Пыжиков нервным голосом произнес:
– Есть много, друг Горацио, на свете, что и не снилось нашим мудрецам...
– Это вы к чему?
– Да, собственно, ни к чему.
– Ну так вот: никто мне слова путного не сказал, хотя я с утра пораньше уже квартир двадцать обошел, беспокоя честной народ. Делать нечего, пойду в квартиру напротив - кто у нас там живет?
– Маня Холодкова.
– Еще, поди, дрыхнет дама без задних ног?..
– Да что вы! У нее такая несусветная жизнь, что я не уверен, спит ли она вообще!

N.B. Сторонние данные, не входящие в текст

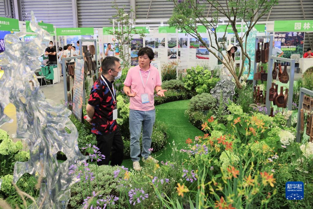 6月29日,參展商為參觀者介紹“印象花園”景觀。
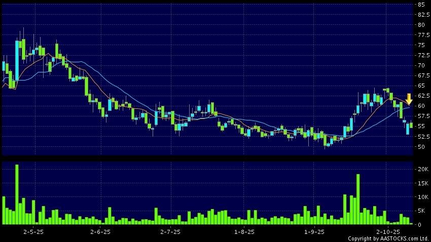 越疆(02432.HK) -3.150 (-5.660%) 沽空 $5.97百萬; 比率 5.118% 10天移動平均線跌穿20天移動平均線,出現死亡交叉。現價報54.000,下跌2.965%,成交量63.50萬股,成交額3.54千萬。

Маня Холодкова, еще молодая, но, что называется, бесцветная женщина, действительно была страдалица, каких мало даже и на Руси. Еще школьницей она заболела сахарным диабетом, после три раза поступала в Лесотехническую академию, но так и не поступила по причине того же сахарного диабета, который у нее особенно разыгрывался в августе, когда держат вступительные экзамены, едят что ни попадя и не спят. Она была трижды замужем, однако первый ее муж пьяным делом утонул в Рыбинском водохранилище, второй сел в тюрьму за растление малолетней, третий бросил ее на шестом месяце беременности и исчез. От первого мужа у Мани была девочка и от третьего мужа была девочка - про обеих ничего хорошего не сказать. Кроме них на шее у Мани сидела мать, на которую время от времени находил загадочный паралич. Именно всякий раз, когда страдалица выходила замуж, у старухи, как по заказу, отнималась левая сторона. Но стоило Мане форменно или по-соломенному овдоветь, как старуха тотчас поднималась с одра болезни, словно после какой-нибудь невинной свинки, но никак не клинического паралича. В силу такого семейного положения Маня всю жизнь проработала в котельной Химзавода, где платили большие деньги, а с девяносто первого года служила ночной няней в детском саду, мыла два подъезда в соседнем доме да еще по-соседски обслуживала Пыжикова, даже и чисто по женской линии, что, впрочем, случалось приблизительно раз в квартал.